I vote for a net loss, but only temporary.
Having it shown as a payoff may or may not help your FICO. FICO likes to see $0 balances on a majority of reported TLs so if the loan reports zero and aids in that then possibly a few points there. For the loan itself, going to $0 really won't do anything since installment util is a tiny part of FICO scoring.
The new loan (the refi) would report and that would ding you for the new credit, w/ a possibility for an additional ding for AAoA change, if any at all. But that would wear off and I bet inside a year you'll be back to par.
I just did a re-fi on my auto loan last week.
Original & re-fi were both at my CU. They didn't change my account number or anything, so won't affect my AAoA. Only a HP inquiry added to my CR. (That and a 2.5% drop on my interest rate! )

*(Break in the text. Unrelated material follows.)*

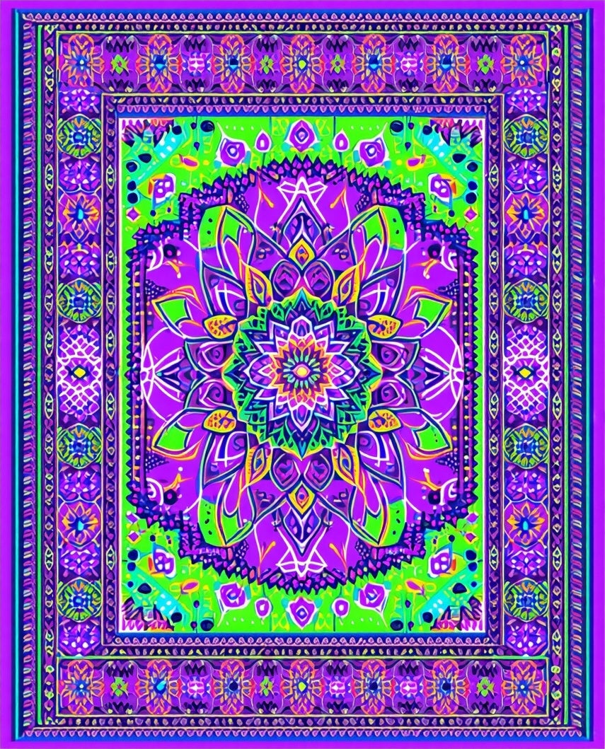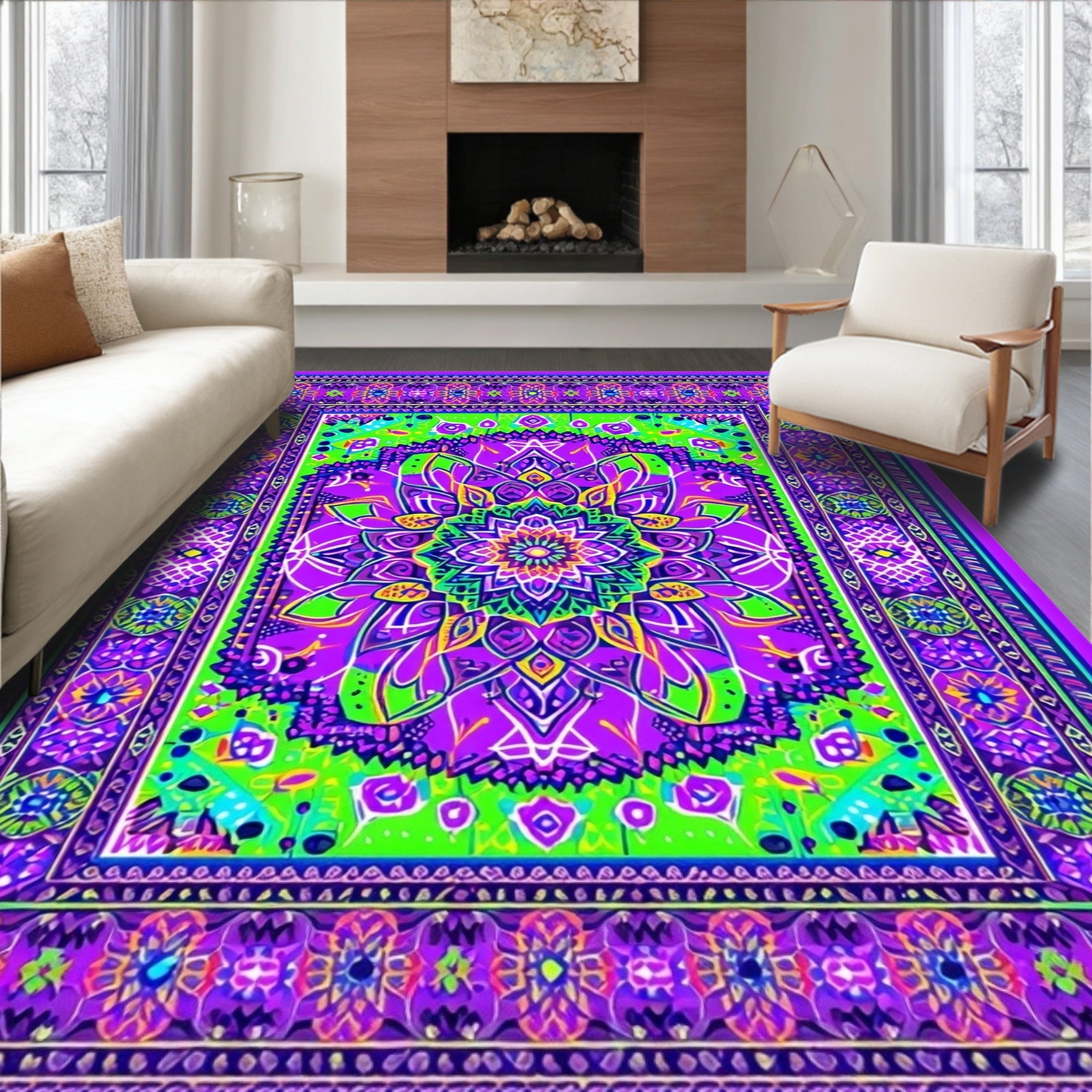 Flatwoven High Traffic Area Rug, Ethereal Kaleidoscopic Play, Non Slip, Stain Resistant, Washable Area Rugs for Living Room, Bedroom (Purple) Overview:

Hope yours goes well today!
@masscredit wrote:I'm going to be refinancing my car today and am wondering how that will affect my credit scores. I figure on one hand it will show the loan being paid off which can boost it a few points but on the other hand, it will show a new loan so it will go down a few points. So I guess it can be a wash in the end?
Just completed a refi on one of my vehicles and saw absolutely no change in scoring. My refi was for the same length of remaining months, simply getting a lower interest rate and lower payments. May have an impact in a month or so, but doubtful. I've done refi's in the past for the same reason that also had no impact on scoring. The old loan does show up as paid but immediately there is a new loan, depending of course on how quick your lender is to report both transactions. Mine reports both immediately.
EDIT: Also, installment loans usually have less of an impact on scoring than credit cards, unless one has more than 4 installment loans, not counting mortgages.